070819 Lower back pain: Spondylolysis and Spondylolisthesis

By Rickey Dale Crain


The spine or vertebral column consists of a series of vertebrae held together to give support for the spinal cord and nerves arising from it. Each vertebra consists of an anterior vertebral body, and a posterior bony ring with two superior facets and two inferior facets that articulate with the neighboring vertebrae. These articulations form the posterior facet joints that provide stability to the spine. In spondylolysis, there is a defect in the pars interarticularis (which literally means the “piece between the articulations”). So spondylolysis means a defect in the thin isthmus of bone connecting the superior and inferior facets, and could be unilateral (involving one side) or bilateral (involving both sides). Although the defect can be found at any level, the commonest vertebra involved is the 5th Lumbar vertebra (or L5). In cases of bilateral spondylolysis, the posterior articulations can no longer provide the posterior stability, and anterior slipping of the L5 vertebra over the sacrum could result. This slip is called Spondylolisthesis.

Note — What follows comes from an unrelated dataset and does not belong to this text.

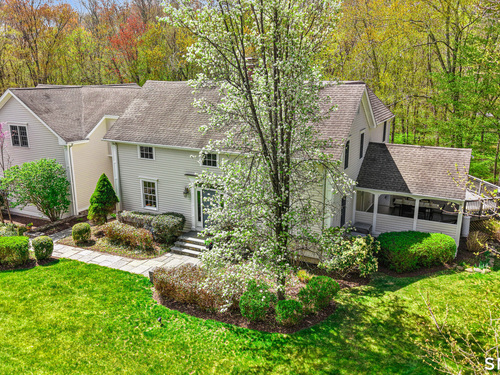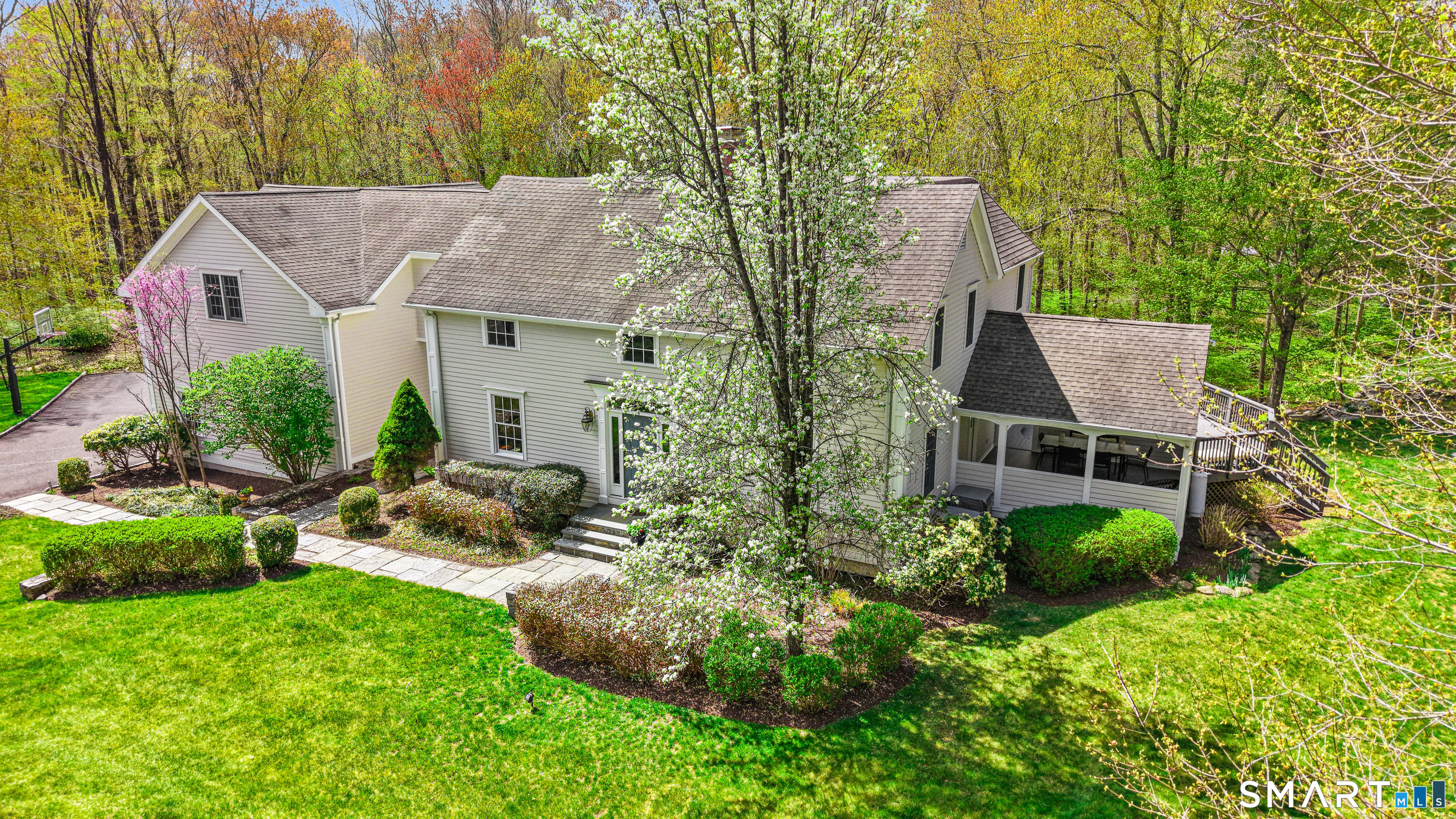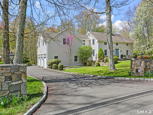 Set on 3.23 acres in the Greenfield Hill area of Fairfield, this 5BR, 4BA home offers privacy, natural surroundings, & a layout designed for the way we live today. Rustic stone walls welcome you to a property overlooking a deep wooded backdrop, with a landscaped lawn defined by a classic stone retaining wall. The main level features a home office, full bath, & an open living and family room with wood-burning fireplace. Access to the covered porch & open deck extends the living space outdoors. The kitchen is functional & welcoming, with a center island, gas range, wall oven, microwave, warming drawer, ample storage, & a dining area for everyday meals. The dining room sits between the kitchen & living spaces, with a bay window overlooking the rear yard. Upstairs, the primary suite offers a private balcony, spa-like bath, large walk-in closet plus two additional closets, & a spiral staircase connection to the main level. Four additional bedrooms include a Jack & Jill bath and hall bath, along with second-floor laundry. Finished lower level with flexible space and unfinished storage. Attached 3-car garage and detached 2-car garage. Enjoy the space and privacy that define Greenfield Hill, with convenient access to Fairfield's town center, Westport, Weston, and Easton, all within approximately a 15-minute drive.This location offers a balance of quiet surroundings and everyday accessibility.

Spondylolysis is the commonest cause of spondylolisthesis, and is sometimes referred to as isthmic spondylolisthesis, since the defect is in the isthmus. But there are other causes of spondylolisthesis. In children born with underdeveloped facet joints (dysplastic joints), spondylolisthesis can also result, and is sometimes referred to as dysplastic spondylolisthesis. More rarely, any infection or tumor affecting the posterior bony ring including the facet joints can also cause instability and spondylolisthesis.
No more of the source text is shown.